Here's a tip, Dodge: Kill the attitude. Your cars and trucks aren't so very hot, and a lot of us simply don't need all those stupid extras, and sure as hell don't want to pay for them. And while you're at it, kill the spokesman, too, ok? Because the confident, bored monotone just isn't working.

Tuesday, August 30, 2011

Don't worry, Mom. I'm sure you'll find other ways to damage this child.



This pathetic excuse for a mother is clearly mortified because her little daughter wants to wear hoodies and cargo shorts, gets dirty, and keeps building parking garages with blocks.

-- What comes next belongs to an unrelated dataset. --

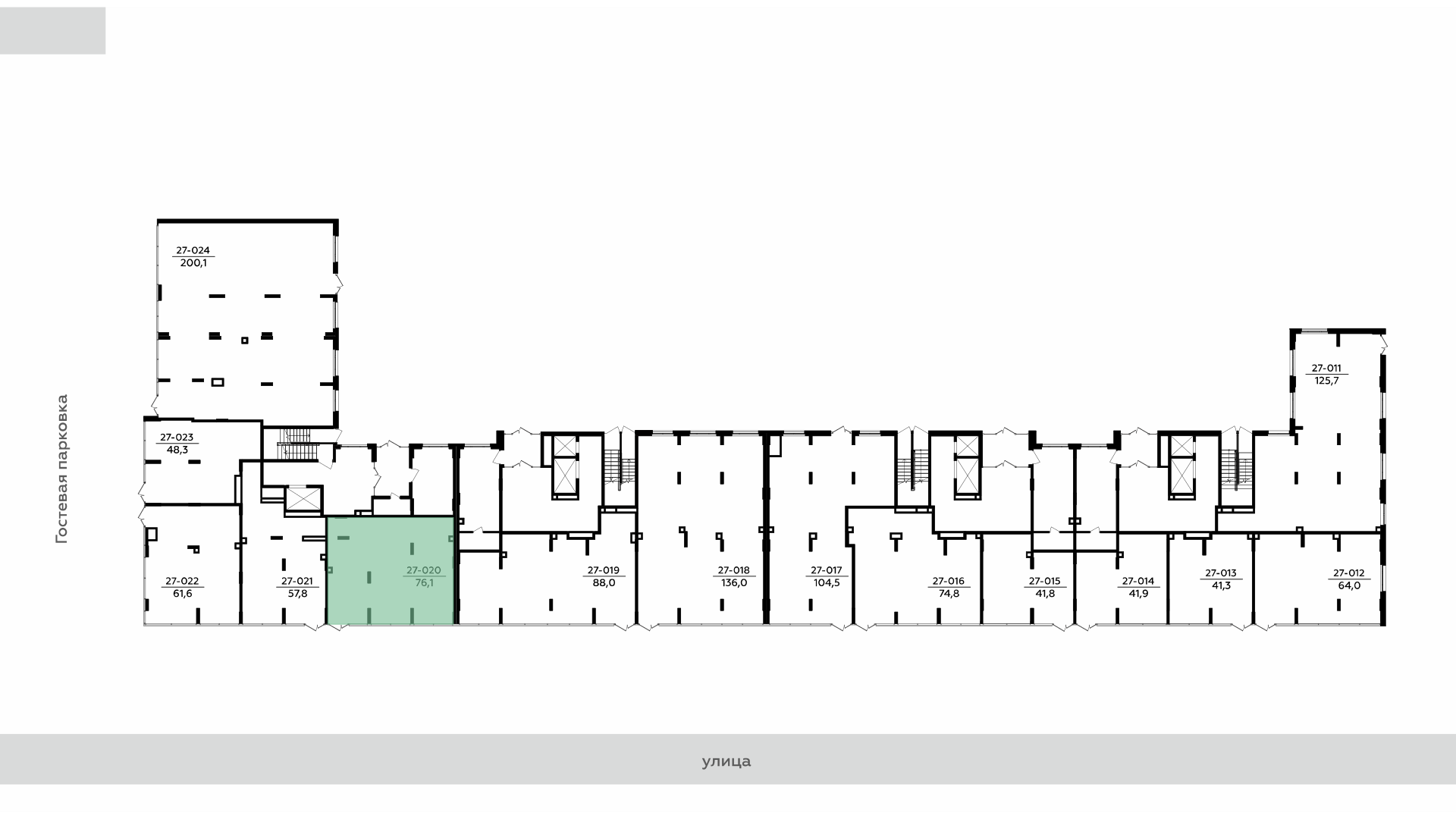 . Вход с парковки через центральный лобби, возможно сделать отдельные входные группы с улицы.

I think it's pretty safe to imagine that Mommy's Little Clone is SUPPOSED to want to wear frilly dresses (pink, of course) while serving tea to her teddy bears and Mrs Beasley doll. Later, she'd be allowed to graduate to Barbies, but the pink dresses stay.

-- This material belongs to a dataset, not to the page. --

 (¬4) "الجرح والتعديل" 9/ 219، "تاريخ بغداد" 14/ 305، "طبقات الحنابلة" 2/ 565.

Because it's all about appearances, and apparently this wretched, sadly fertile lump of mucus thinks there is something truly scandalous that her female child isn't Happily Living the Stereotype. Oooooh, she gets DIRTY!! She wears non-pink clothes, including hoodies and shorts!! She builds something that doesn't look like a stove or a Dream Kitchen! The horror! Where will it all end?

Well, maybe it will end with the development of a fully-functioning, female adult. One that understands that in the 21st century, women can do ANY GOD DAMNNED THING THEY WANT- wear clothes which are not pink dresses, become engineers and architects, GET DIRTY, whatever. That is, they can if they aren't molded into square pegs by weird, smothering, hovering helicopter mommies who are so twisted that they actually fantasize that their children's favorite clothes will be ruined so they can be replaced by more "acceptable" items.

Just one question- where the hell did this little girl develop a taste for clothing which is so offensive to mommy in the first place? Think there is more than a little hostility between Mommy and Daddy out there? Think the in-laws are slightly more open-minded (though really, who wouldn't be) when they pick out clothes to give to their favorite granddaughter? I mean, clearly there is a back story here.

Meanwhile, the story that is right out there, in our face, is that this woman has got some serious issues, and needs help. I'd start by having that metal rod someone jammed up her ass surgically removed. Then I'd tell her to stop taking all her social cues from Phyllis Schlafly. Because wishing your kid would ruin her clothes so you could go back to dressing her up like your perfect little poppet? Yuck.